The artist laughed, but did not answer that question. “Where are you from?”
 
“America,” the African said without hesitation. He wanted them to not only think that he was very rich, but once he took her home, they would never hear from him again, or see their pretty girl. “I’m from USA. Obama is my uncle.”
 
“O-hoo!” the artist’s mouth became round in shock. When he had recovered, he added, “In your country, first love, then marriage. Here, first marriage, then love. She very faithful. She never leave you.”
 
The African could hear the girl playing the sarangi, a tune so sweet that he floated in the clouds. But she is just a picture. First, he had to meet her, study her, and then decide whether to marry her. Yet he had no time. He could not afford to stay in Nepal for another week. And this girl was a better prize than all the golden statues of the world.
 
“She widow,” the artist said. “Two day after marriage, her husband go to fight. You know Gurkha? He soldier. She play for him sarangi before he go. It is last time they together. In our culture, woman cannot marry two times. She very sad.
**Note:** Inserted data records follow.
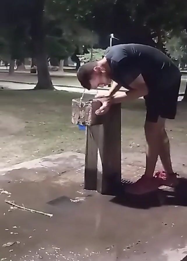 A young man is drinking from a drinking fountain in a park at night. He's wearing a black t-shirt, black shorts, and pink sneakers. The drinking fountain is made of concrete and wood, and the area around it is wet. There are trees and grass visible in the background. The lighting is dim. The man is leaning over the fountain with both hands on it, his mouth around the stream of water. Some of the water spills over him as he drinks.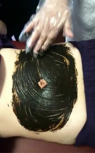 第三步,打开中药能量膜外敷包,把药膏均匀地敷在整个肚子上,深层去水湿、消脂肪、调脾胃。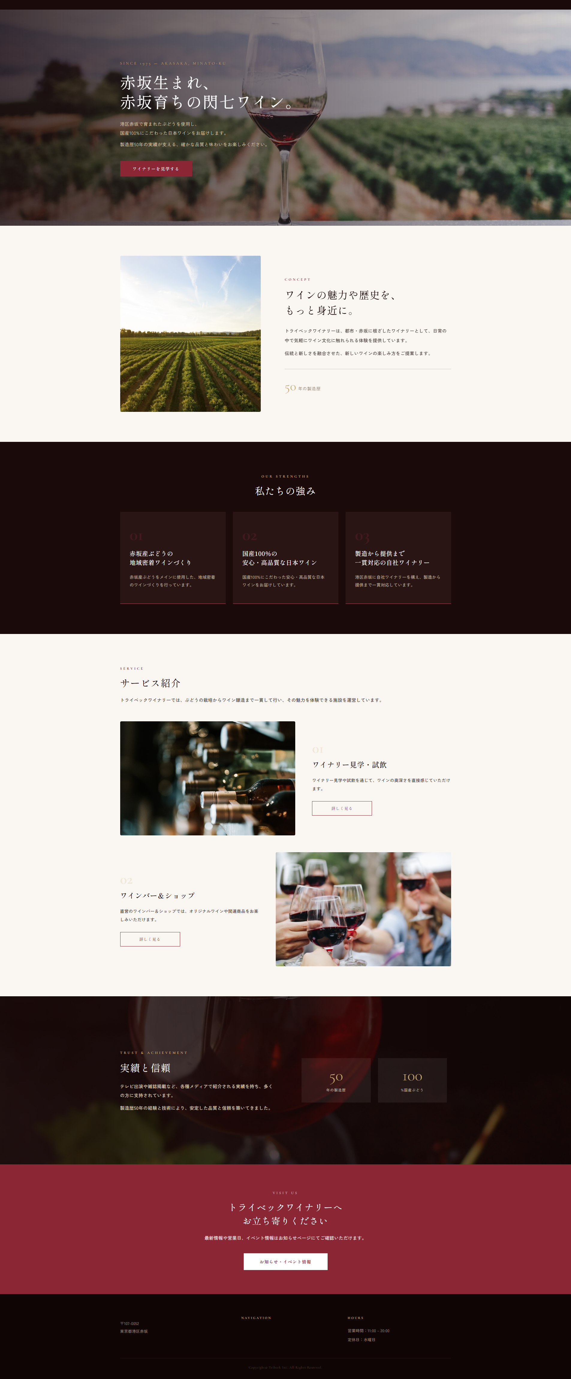- サブテキスト「赤坂産ぶどうをメインに、国産100%日本ワインの製造を手掛けて50年」を配置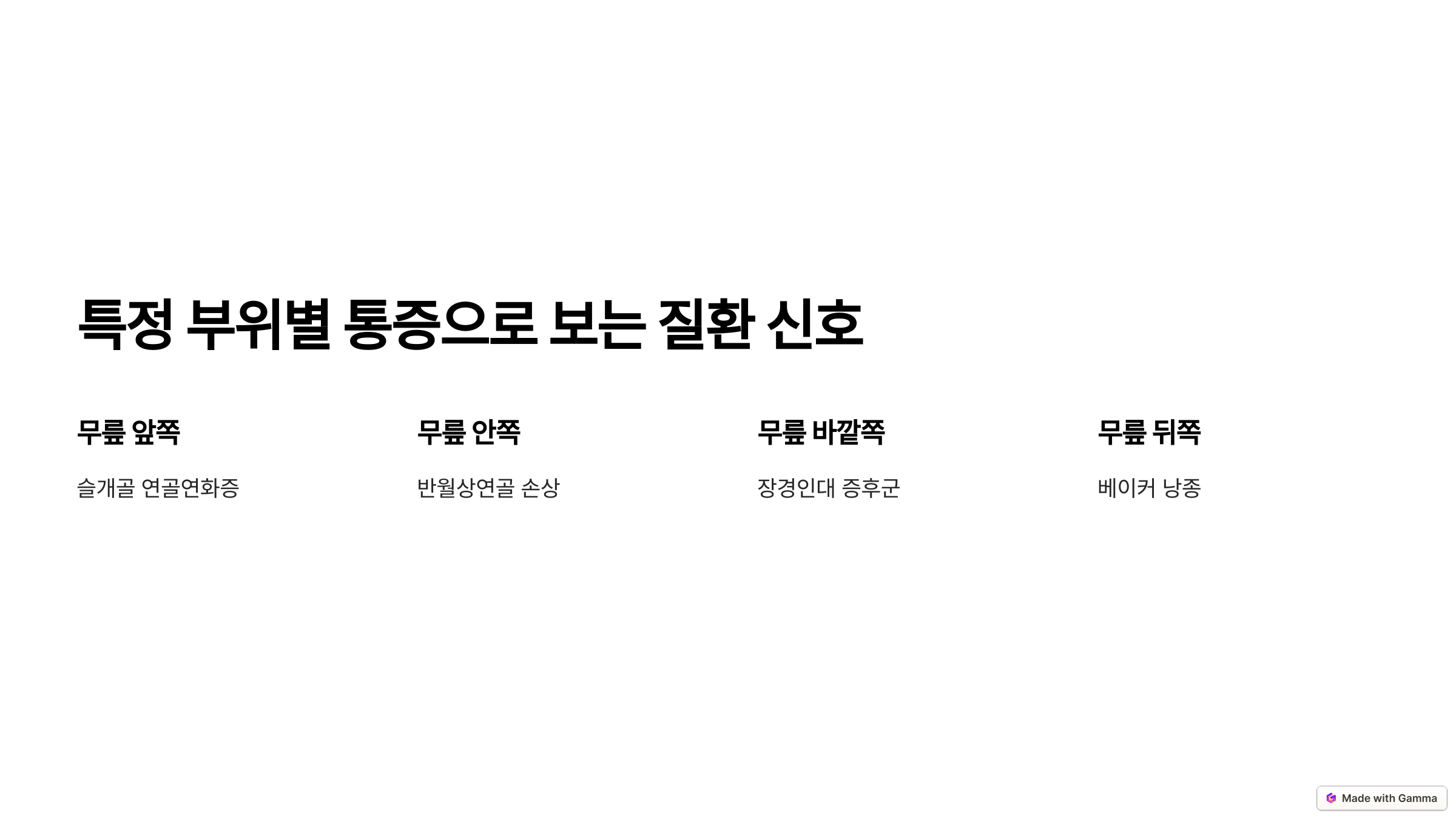 - 무릎 안쪽 통증: 반월상 연골 손상 가능성 (걸을 때 삐걱거리는 느낌)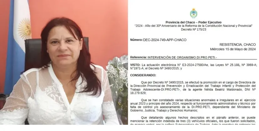 Intervienen por 180 días a la Dirección Provincial de Prevención y Erradicación del Trabajo Infantil y Protección del Trabajo adolescente e inician un sumario administrativo a su exdirectora, Nélida Beatriz Maldonado. La medida deriva de una serie de irregularidades en el organismo durante el 2023 y 2024. La nueva persona a cargo de la Dirección será la escribana María Martha Marcón.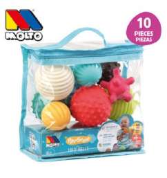 Bolsa con 10 bolas sensoriales de diferentes colores, tamaños, formas y tactos para bebés que son suaves, blanditas y fáciles de agarrar.

She want marry to another man her but no man take her.”
 
“Stupid Nepali men.”
 
“But you bidesh, hoina? You habsi. You take her! No problem.”
 
For two days, he stayed in the artist’s home as they arranged for the wedding. He promised the artist a lot of money, so the artist ran around to make it happen in two days. Luckily, it was the wedding month.
 
The day came. He endured so many Hindu rituals like a zombie. They spoke to him in a strange language. The artist was not always available to interpret, so he did whatever they gestured at him to do. At one point, he found himself sitting beside a grandmother dressed up as a bride.
 
He thought it funny.
 
A grandmother so old she had no teeth, all dressed up like a bride. She sat beside him, smiling. He knew that smile for he had seen it on the girl. Maybe this is her grandmother.
 
He thought they were doing something similar to the kwanjula ceremony back home, where the bride’s family parade many girls for the groom to pick, but the groom has to reject all until they reveal the real bride. So maybe this grandmother is a customary surrogate until the time is right for the bride to appear.
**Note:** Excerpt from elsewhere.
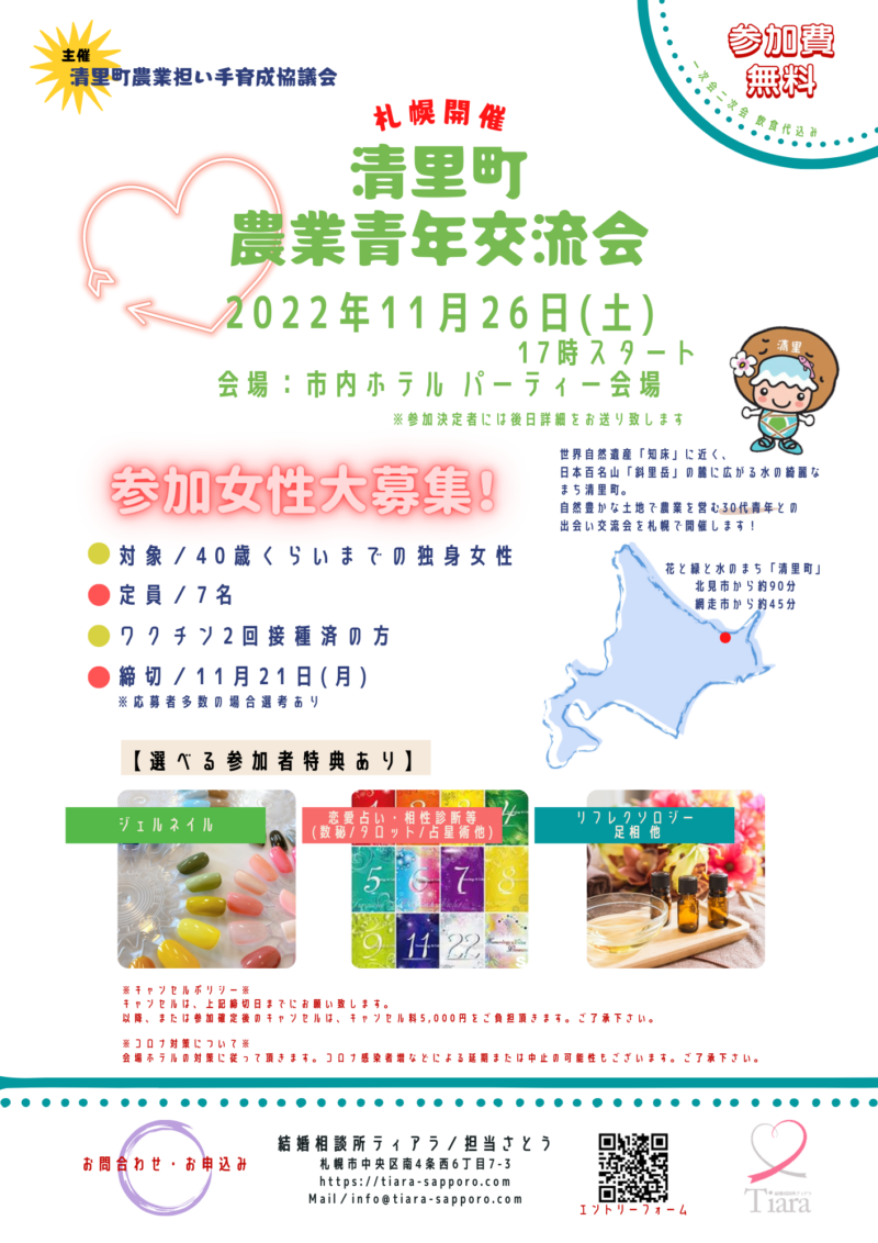 この自然豊かな土地で農業を営む30代青年との出会い交流会を札幌市内にて開催致します。

In a strange way, it all started with this story 🙂
Time passed. The bride did not show up. He grew impatient. Night came. The dancing started. Though he did not understand what was happening, he knew people dance only after the marriage. But where is his bride? Nervous, he asked the artist.
 
“What you mean?” the artist said.
 
“I want to see the girl?”
 
“Eh!” the artist seemed truly shocked. “You not seen her?” He pointed at the grandmother. “Her?”
 
The African looked at the old woman, at the toothless and wrinkled smile that in the picture had set him alight with a fire of a thousand suns.
 
“I paint her photo – old, old photo, what she look like when still young.”
 
The African felt a bitter dryness in his mouth as he discovered he was a character in a badly written joke. A corny joke that nevertheless knocked him out with the sheer force of its obviousness.
 
“What’s the problem?” the grandmother asked the artist. “Why is he troubled?”
 
“Nothing,” the artist said.
 
“Is he worried that I did it?”
 
“No.”
 
“Tell him I didn’t.”
 
“No!”
 
“I have never done it! Tell him!”
 

So the artist turned to the African with a big smile and said, “Good news for you, my friend. She say her husband die before they – you know. She’s still a virgin.”